4.15 Inhomogeneities
Allowing for inhomogeneities inevitably means taking a big step from finitely many degrees of freedom
to infinitely many ones. There is no straightforward way to cut down the number of degrees of freedom to
finitely many ones while being more general than in the homogeneous context. One possibility would be to
introduce a small-scale cutoff such that only finitely many wave modes arise, e.g., through a lattice, as is
indeed done in some coherent state constructions [269]. This is in fact expected to happen in a discrete
framework such as quantum geometry, but would, at this stage of defining a model, simply be introduced by
hand.
For the analysis of inhomogeneous situations there are several different approximation schemes:
- Use only isotropic quantum geometry and in particular its effective description, but couple it
to inhomogeneous matter fields.
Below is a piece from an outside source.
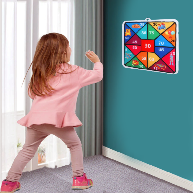 Veselá hra, která nesmí chybět v žádném dětském pokojíčku. Zabavte děti na celé dny. Terč čtvercového, barevně laděného designu s motivem zvířátek velmi snadno kamkoliv pověsíte. Hra, při které se vaše děti naučí nejen mířit a házet, ale sčítáním výsledků hodů se procvičí i v matematice. Cílem hry je totiž hodit co nejvyšší čísla. Terč je vhodný jak do dětských pokojíčků, herních místností, tak i na zahradu.
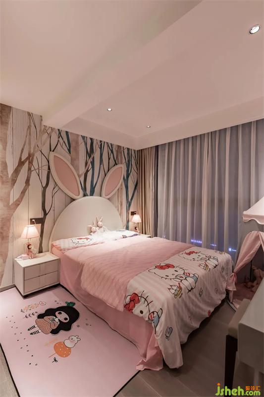 女孩房以森林主題為主基調(diào),床化成小兔子,融在床頭背景的粉色森林里,夢(mèng)幻而浪漫。

Some problems to this approach include backreaction effects
that are ignored (which is also the case in most classical treatments) and that there is no direct
way to check modifications used, in particular for gradient terms of the matter Hamiltonian.
So far, this approach has led to a few indications of possible effects.
- Start with the full constraint operator, write it as the homogeneous one plus correction terms
from inhomogeneities, and derive effective classical equations. This approach is more ambitious
since contact to the full theory is realized. Several correction terms for different metric modes
in linearized perturbation theory have been computed [84
, 90
, 91
, 92
], although complete
effective equations are not yet available. These equations already show the potential not only
for phenomenological applications in cosmology but also to test fundamental issues such as the
anomaly problem and covariance; see Section 6.5.4.
- There are inhomogeneous symmetric models, such as the spherically-symmetric one or
Einstein–Rosen waves, which have infinitely many kinematical degrees of freedom but can
be treated explicitly. Contact to the full theory is present here as well, through the
symmetry-reduction procedure of Section 7. This procedure itself can be tested by studying
those models with a complexity between homogeneous ones and the full theory, but results
can also be used for physical applications involving inhomogeneities. Many issues that are of
importance in the full theory, such as the anomaly problem, also arise here and can thus be
studied more explicitly.